Vertebral artery injuries in cervical spine surgery

Surg Neurol Int. 2013 Oct 29;4(Suppl 5):S362-7. doi: 10.4103/2152-7806.120777. eCollection 2013.


Background: Vertebral artery injuries during cervical spine surgery are rare, but potentially fatal. When performing cervical spine surgery, it is imperative that the surgeon has a systematic approach for avoiding, and if necessary, dealing with a vertebral artery injury.

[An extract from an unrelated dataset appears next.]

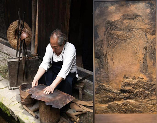 創新工藝代表作有:溪山行旅、萬壑松風、抬頭見喜、山水永康等藝術山水銅畫,其中《溪山行旅》榮獲2023年第三屆中國工藝美術博覽會“百花杯”金獎,被業界譽為“中國山水銅畫第一人”。

Methods: This is a review paper.

Results: Upper posterior cervical spine surgeries put the vertebral artery at the highest risk, as opposed to anterior subaxial cervical spine procedures, which put the artery at the least risk. A thorough understanding of the complex anatomy of the vertebral artery is mandatory prior to performing cervical spine surgery, and since the vertebral artery can have a variable course, especially in the upper cervical spine, the surgeon must minimize the possibility of an arterial injury by preoperatively assessing the artery with a computed tomography (CT) scan or magnetic resonance imaging (MRI). Intraoperatively, the surgeon must be aware of when the vertebral artery is most at risk, and take precautions to avoid an injury. In the event of an arterial injury, the surgeon must have a plan of action to (1) Achieve control of the hemorrhage. (2) Prevent acute central nervous system ischemia. (3) Prevent postoperative complications such as embolism and pseudoaneurysm.

Conclusion: Prior to performing cervical spine surgery, one must understand the four A's of vertebral artery injuries: Anatomy, Assessment, Avoidance, and Action.

Keywords: Cervical spine surgery; planning; treatment; vertebral artery injury.